Thanks in advance for the comments

Best Answers

Answers

  • ebanksebanks Broad InstituteMember, Broadie, Dev ✭✭✭✭

    No, this is not at all right. It goes against everything we recommend in the best practices.
    You should call all of your samples together, not separately, and run hard filtering instead of VQSR.

  • ying_sheng_1ying_sheng_1 Member ✭✭

    Thanks for quick answer. Yes, I am not following the best practices. However, this is a special case (or I think). All the samples are from non-related person. Each sample was sequenced very deep (over 1000x). The variants called on each sample should be reliable. The common variants among different samples shouldn't be treated as redundant variants. This can be a way to rich up number of variants for the small samples. And the diagnostic plot and results looks OK. It is better than results from hard filter. So, what's the plus of multi-sample variant calling? Or what's wrong consequence can coming out from this approach? Thanks a lot.

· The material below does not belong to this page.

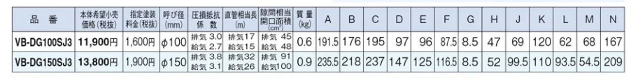 - その他: 着脱ガラリ付(防火ダンパーなし)
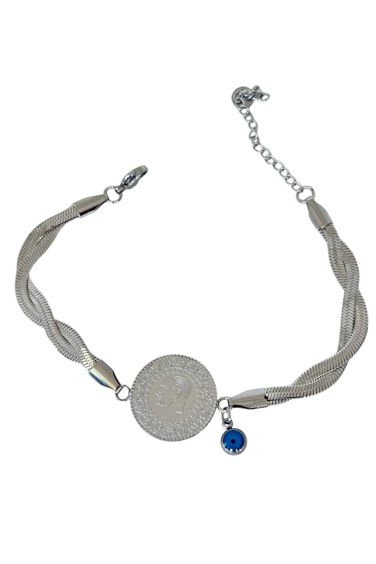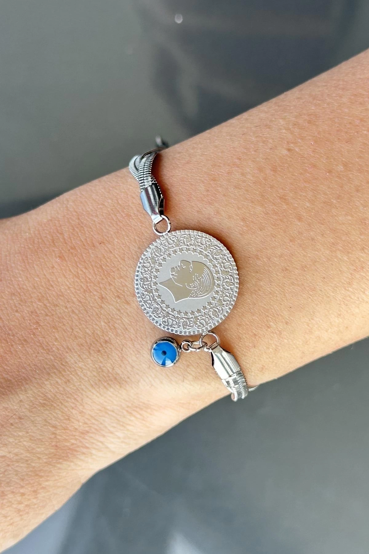 Gümüş Renk Çeyrek Figürlü Çelik Bileklik

  • ying_sheng_1ying_sheng_1 Member ✭✭

    I am sorry I might not explain this clearly. When I ran VariantRecalibrator, I input multiple raw snp vcf files. So I am not calling variants on multiple samples, but when training Gaussian mix models, I used data from multiple samples. And in the last step of ApplyRecalibration, I applied model (recall, tranch files) on single sample. The only thing is although I chose 99% percent of sensitivity in the ApplyRecalibration, I can not get that for single sample. This might because of training and applying are on different sets. I am just not sure whether this way is reasonable.

  • ying_sheng_1ying_sheng_1 Member ✭✭

    Could I get some idea at:

    What are the bad things by using multiple VCF files (each VCF file is generated by calling variants from one BAM file) in variantRecalibrator, instead of using one VCF (called variants from multiple BAM files) in variantRecalibrator?

    thanks!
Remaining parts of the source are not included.